### PROBLEM TO WORK ON
Leaving out the pictures, retype the lines from the top of the listing through the line with "Welcome to this" exactly.

### DATA SHOWN

————————

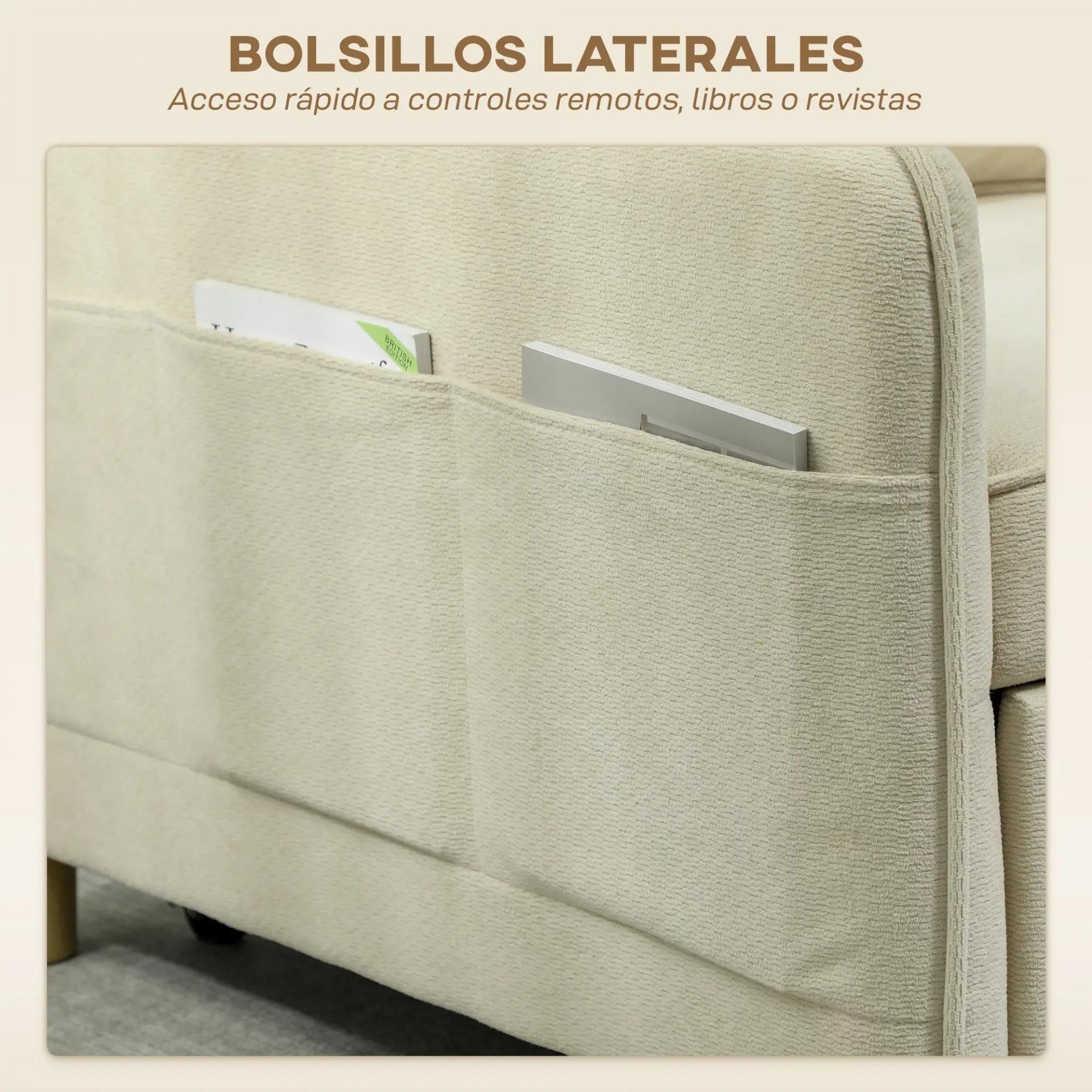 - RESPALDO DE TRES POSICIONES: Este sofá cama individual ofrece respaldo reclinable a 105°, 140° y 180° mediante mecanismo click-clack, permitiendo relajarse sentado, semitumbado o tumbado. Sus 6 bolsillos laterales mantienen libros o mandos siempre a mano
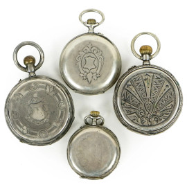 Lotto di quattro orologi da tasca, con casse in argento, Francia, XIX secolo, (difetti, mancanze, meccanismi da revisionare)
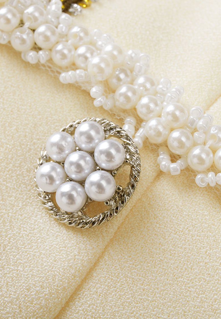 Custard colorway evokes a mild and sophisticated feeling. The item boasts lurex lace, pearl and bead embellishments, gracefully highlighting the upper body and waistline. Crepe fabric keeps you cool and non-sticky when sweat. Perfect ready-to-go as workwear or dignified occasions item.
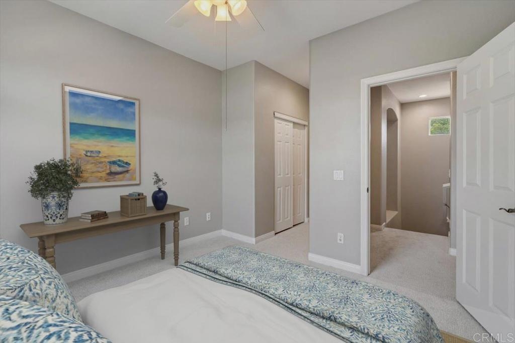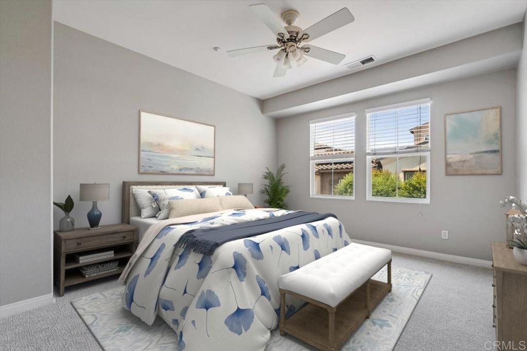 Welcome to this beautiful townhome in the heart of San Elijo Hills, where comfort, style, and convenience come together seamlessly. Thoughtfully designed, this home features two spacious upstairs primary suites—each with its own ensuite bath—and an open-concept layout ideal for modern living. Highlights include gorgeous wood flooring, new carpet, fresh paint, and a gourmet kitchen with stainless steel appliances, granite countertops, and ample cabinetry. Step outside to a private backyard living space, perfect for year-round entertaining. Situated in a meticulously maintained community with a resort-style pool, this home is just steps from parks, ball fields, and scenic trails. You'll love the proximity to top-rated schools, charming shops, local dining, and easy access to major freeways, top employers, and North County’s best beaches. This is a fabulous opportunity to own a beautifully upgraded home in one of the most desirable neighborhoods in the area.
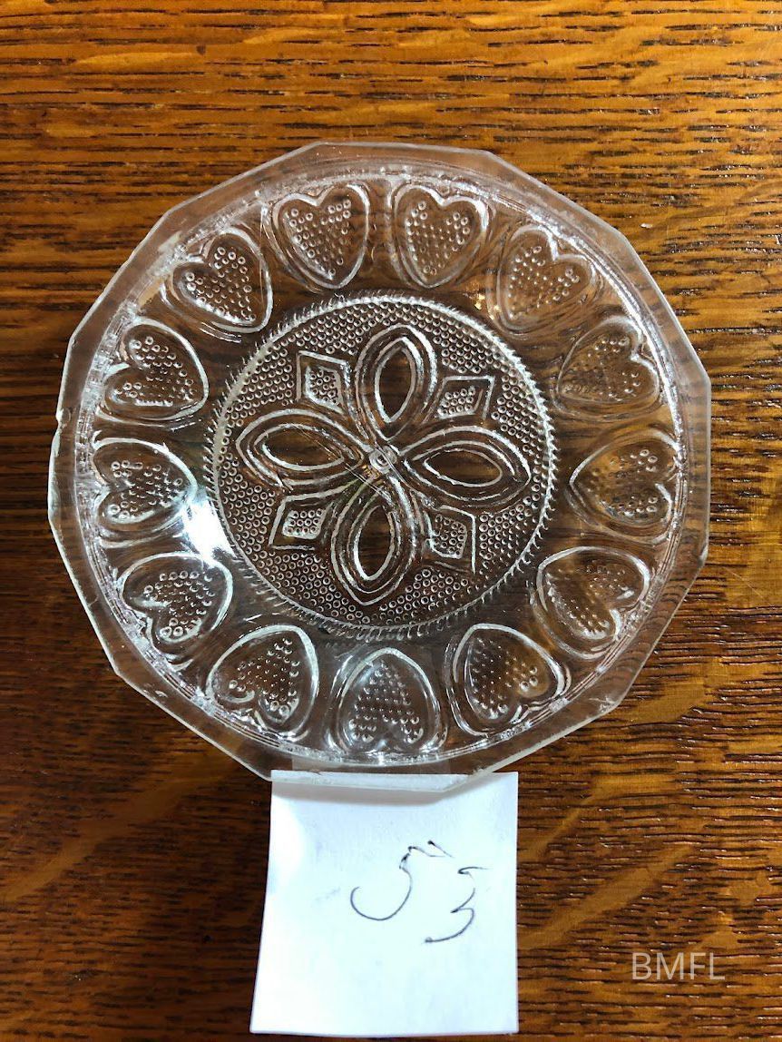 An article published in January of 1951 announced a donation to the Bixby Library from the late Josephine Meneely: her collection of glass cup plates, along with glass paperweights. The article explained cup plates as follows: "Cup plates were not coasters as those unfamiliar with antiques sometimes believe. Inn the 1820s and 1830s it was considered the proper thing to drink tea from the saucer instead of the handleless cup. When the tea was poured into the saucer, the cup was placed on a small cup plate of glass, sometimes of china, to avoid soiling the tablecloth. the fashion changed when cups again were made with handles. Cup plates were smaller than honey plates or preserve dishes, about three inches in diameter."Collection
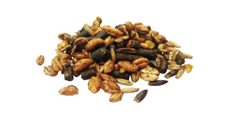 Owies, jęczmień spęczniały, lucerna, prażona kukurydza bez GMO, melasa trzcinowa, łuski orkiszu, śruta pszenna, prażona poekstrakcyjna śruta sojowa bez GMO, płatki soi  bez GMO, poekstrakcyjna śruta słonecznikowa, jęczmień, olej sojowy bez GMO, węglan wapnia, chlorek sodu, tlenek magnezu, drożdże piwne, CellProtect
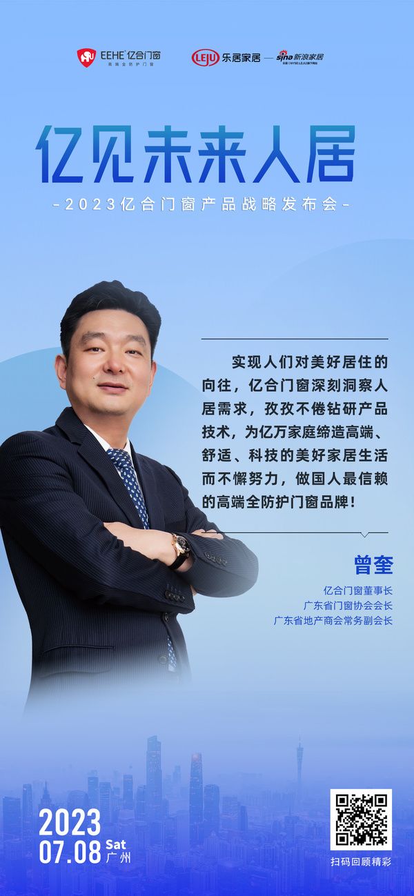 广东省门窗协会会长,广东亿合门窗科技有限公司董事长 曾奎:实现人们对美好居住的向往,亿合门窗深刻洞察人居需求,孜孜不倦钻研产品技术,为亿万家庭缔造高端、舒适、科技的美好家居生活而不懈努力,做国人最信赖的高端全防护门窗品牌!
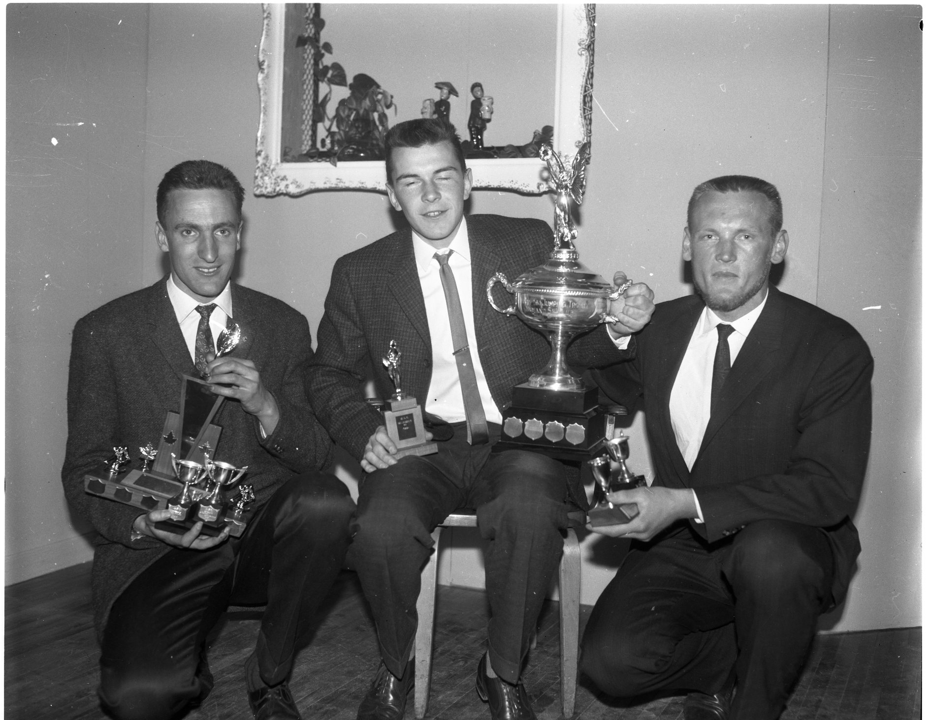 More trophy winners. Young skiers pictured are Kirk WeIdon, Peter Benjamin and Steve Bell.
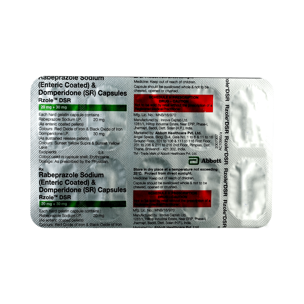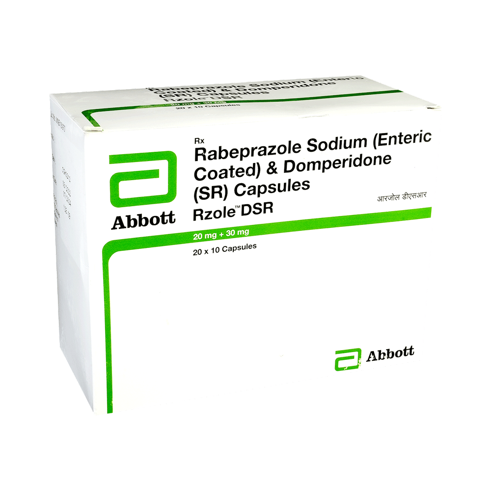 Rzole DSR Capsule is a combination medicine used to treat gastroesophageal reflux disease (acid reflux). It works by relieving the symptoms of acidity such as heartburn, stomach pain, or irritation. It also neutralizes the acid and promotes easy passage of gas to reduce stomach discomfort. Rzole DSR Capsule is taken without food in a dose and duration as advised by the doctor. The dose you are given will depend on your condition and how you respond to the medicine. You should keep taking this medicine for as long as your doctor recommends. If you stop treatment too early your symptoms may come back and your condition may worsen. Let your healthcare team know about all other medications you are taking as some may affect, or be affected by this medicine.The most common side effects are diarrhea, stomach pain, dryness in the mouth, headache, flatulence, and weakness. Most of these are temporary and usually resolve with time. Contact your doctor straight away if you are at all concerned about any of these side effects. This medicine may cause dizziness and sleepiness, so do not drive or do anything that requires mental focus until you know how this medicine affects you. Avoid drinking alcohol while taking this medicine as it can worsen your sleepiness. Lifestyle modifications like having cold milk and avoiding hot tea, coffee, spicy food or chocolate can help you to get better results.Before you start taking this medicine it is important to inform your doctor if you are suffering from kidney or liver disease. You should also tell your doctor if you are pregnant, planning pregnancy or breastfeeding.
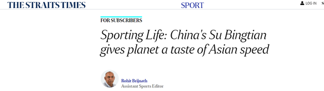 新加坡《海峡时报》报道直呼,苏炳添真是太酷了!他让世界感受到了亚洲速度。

————————

### SOLUTION TO THE EXERCISE
 - RESPALDO DE TRES POSICIONES: Este sofá cama individual ofrece respaldo reclinable a 105°, 140° y 180° mediante mecanismo click-clack, permitiendo relajarse sentado, semitumbado o tumbado. Sus 6 bolsillos laterales mantienen libros o mandos siempre a mano
 Lotto di quattro orologi da tasca, con casse in argento, Francia, XIX secolo, (difetti, mancanze, meccanismi da revisionare)
 Custard colorway evokes a mild and sophisticated feeling. The item boasts lurex lace, pearl and bead embellishments, gracefully highlighting the upper body and waistline. Crepe fabric keeps you cool and non-sticky when sweat. Perfect ready-to-go as workwear or dignified occasions item.
 Welcome to this beautiful townhome in the heart of San Elijo Hills, where comfort, style, and convenience come together seamlessly. Thoughtfully designed, this home features two spacious upstairs primary suites—each with its own ensuite bath—and an open-concept layout ideal for modern living. Highlights include gorgeous wood flooring, new carpet, fresh paint, and a gourmet kitchen with stainless steel appliances, granite countertops, and ample cabinetry. Step outside to a private backyard living space, perfect for year-round entertaining. Situated in a meticulously maintained community with a resort-style pool, this home is just steps from parks, ball fields, and scenic trails. You'll love the proximity to top-rated schools, charming shops, local dining, and easy access to major freeways, top employers, and North County’s best beaches. This is a fabulous opportunity to own a beautifully upgraded home in one of the most desirable neighborhoods in the area.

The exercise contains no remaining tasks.